4a. NV_Occlusion is theoretically free, except for the tokens and API (and, of course, the large amount of CPU overhead in a tightly coupled render-test-render loop)

4b. FB_Occlusion blocks further rasterization to a FB while it is summed (at, say, 1 clock per pixel and say 400Mhz, a 1k x 1k FB would take 1M clocks, or 1/400th of a second). However the results are much better, they’re returned all at once, and the API overhead is fixed and low.

5a. NV_Occlusion doesn’t require any special rendering state, though you probably do want to render a simpler stand-in for tests (ideally, not textured, not shaded, not blended, no write, etc…) and then later render the real object, if it is visible. However, the number of large state changes goes up by 2*N, where N is the number of vis tests.

5b. FB_Occlusion requires a first pass using color or other tag mechanism and some special state (no AA, no blending, no texture, no lighting for starters). You’d also render a simpler stand-in for objects before rendering the full object in a second pass. However, if pass-1 renders all stand-ins at once using very simple state and NO internal state changes, it is arguably faster to complete the vis tests (more than making up for that 1/400th second FB sum).

How’s that?

One way to test the idea, I imagine, is as in a fragment shader, where you render a whole-frame poly with this special shader. The shader would need to increment some target memory table[pixel-color]++ and then the host could do a slower read-back of that target memory.

However, I’m stuck on step 2, incrementing a target table based on a read of the FB dest color. Any pointers are appreciated.

Avi

[This message has been edited by Cyranose (edited 07-23-2003).]

Cyranose, you forget one thing. With the NV approach you can use just bounding boxes for visibility testing, but with the FB approach you have to get at least the silhouettes right for the algorithm to work. Depending on your geometry (trees…) this may make a huge difference.
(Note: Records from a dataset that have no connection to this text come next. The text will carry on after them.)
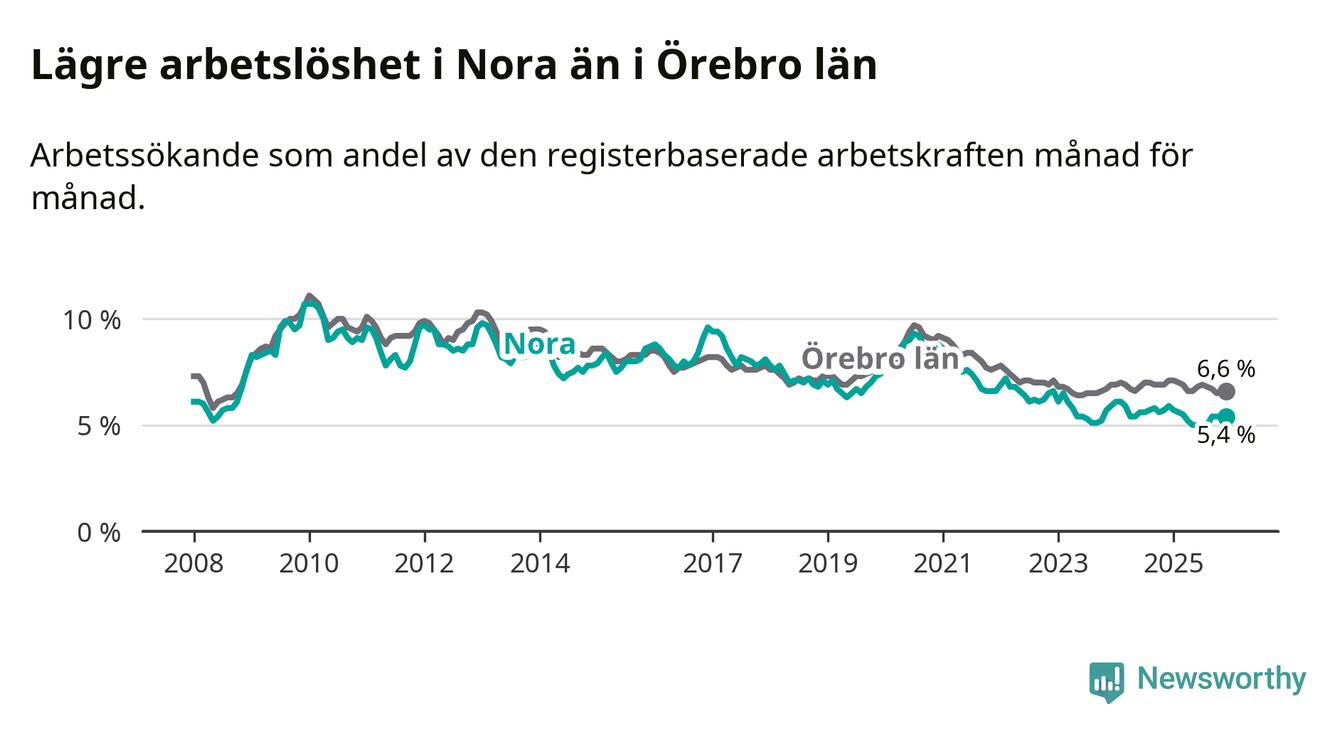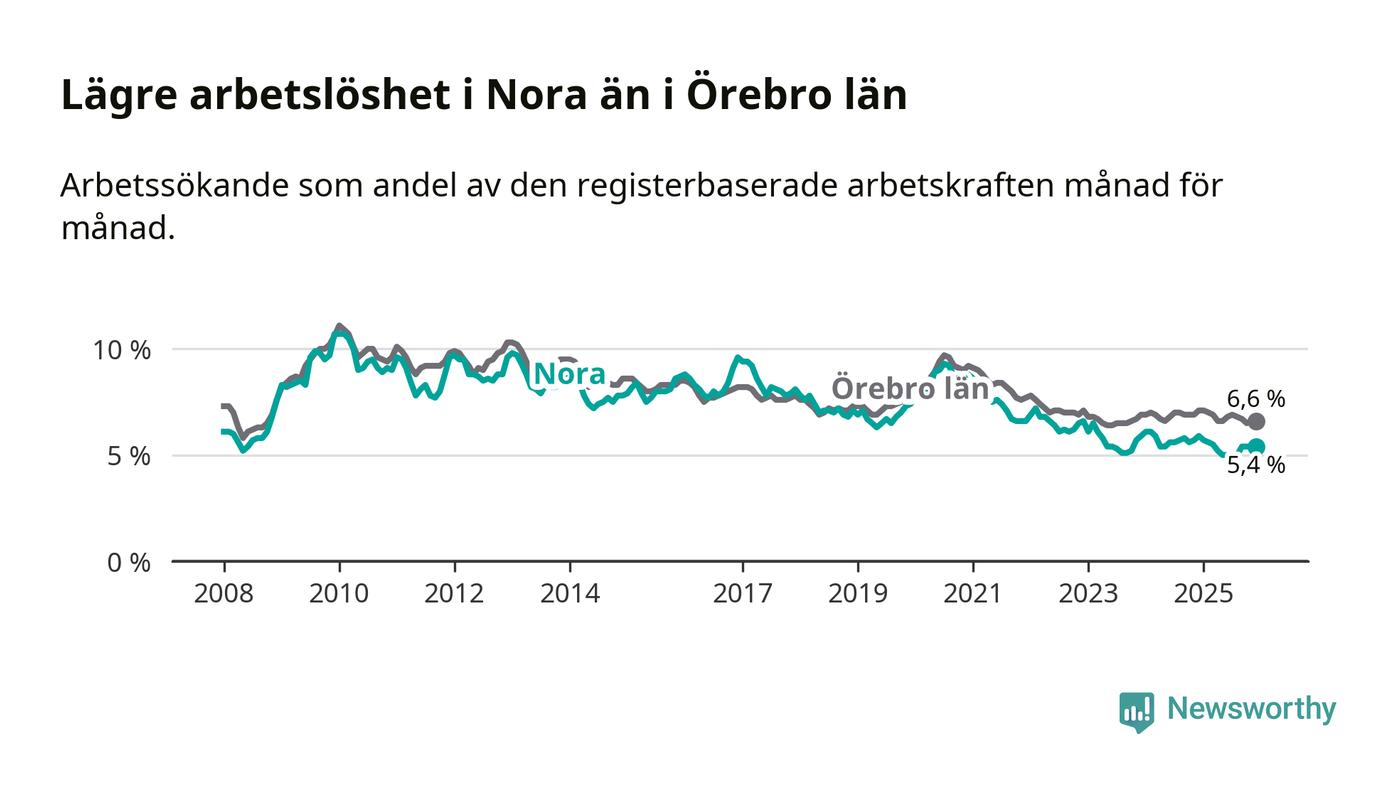 Nora hade redan tidigare lägre arbetslöshet än snittet i hela Örebro län och nu växer klyftan (5,4 procent i kommunen, jämfört med 6,6 procent i hela länet). Askersund har den lägsta arbetslösheten i länet (4,0 procent), medan Hällefors har den högsta (7,5 procent). För att Nora skulle komma ner i samma arbetslöshetsnivå som Askersund skulle 66 personer behöva sysselsättas.
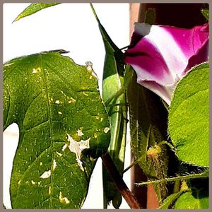 今日の朝顔 ひと休み 今日は朝顔が 昨夜からの暴風雨で お花が全滅でした 過去のpicです バッタさんが一匹います 朝顔の蕾と葉を食べて大きくなりました 蕾を食べられても咲いた朝顔 生きるための自然界をみました (三色十七輪)
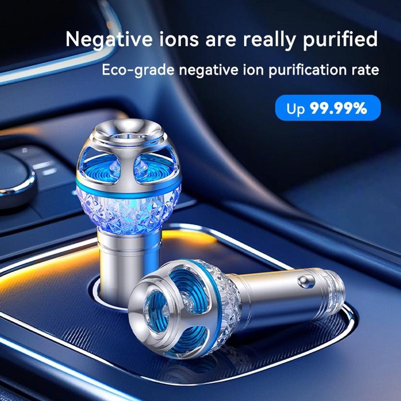 Refresh your driving environment with the Q1 car air purifier ionizer, a compact in-car air freshening solution designed to help reduce unpleasant smells and create a cleaner-feeling cabin atmosphere. With a sleek metal and aluminum alloy body, silent operation, and elegant blue ambient lighting, this car gadget combines practical everyday use with a modern interior-friendly design.

However, I do agree that the FB approach would, if supported, be a good way to test visibility, especially when you use complex shaders.

-Ilkka

Agreed. Testing a quad (or 6 triangles/1 fan for a 3D box) without requiring writes to the FB is useful for testing lots of small objects at the lowest possible LOD. I suppose you could create somewhat similar functionality by using the stencil instead of the colors for such objects – turn off Z and color writes too – but it still wouldn’t be a nice as getting an async result for each object like NV_occlusion does in this case.

It’s worth mentioning that BBoxes are not as useful if the objects are large (screen-wise), since you still pay most of the initial fill cost. In fact, for large objects, you may want to use silhouettes or geometry instead of BBoxes to save fill and test correctly for Z intersections.

The z-intersection problem is always a risk (both false positive and false negative) with stand-ins unless you depth-sort more finely and special case z-overlaps.

By the way, for anyone who was interested or thought the shader emulation idea was totally crazy, I came up with an approach that might at least work, though it’s still much more expensive than a simple full-frame readback… The idea is to use either a texture shader or fragment shader to post-filter the colorized FB, such that for each iteration, as one reference color is selected: any output texel of that color is set to white while every other texel is set to black. Using auto-mipmap generation (may require a 2nd pass and a pbuffer), the 1x1 texel version will represent the percent coverage (red: 0-255 = 0-100%) for that one reference color.

It’s not an exact pixel count, but the rough percentage coverage is good enough for me. The big problem, of course, is it would need N passes, where N=number of colors/vis tests. Probably 2*N if done in a fragment shader to accumulate the results. But I’d hope reading back the 1x1 mip levels would work well enough to avoid writing the coverage counts to a packed FB for readback.

And yes, you could probably do three colors (maybe four) at a time, one in each channel of the filtered images.

Anyway, it’s not practical as far as I can tell. But it’s interesting to think about, IMO.

Avi

[This message has been edited by Cyranose (edited 07-30-2003).]

[This message has been edited by Cyranose (edited 08-04-2003).]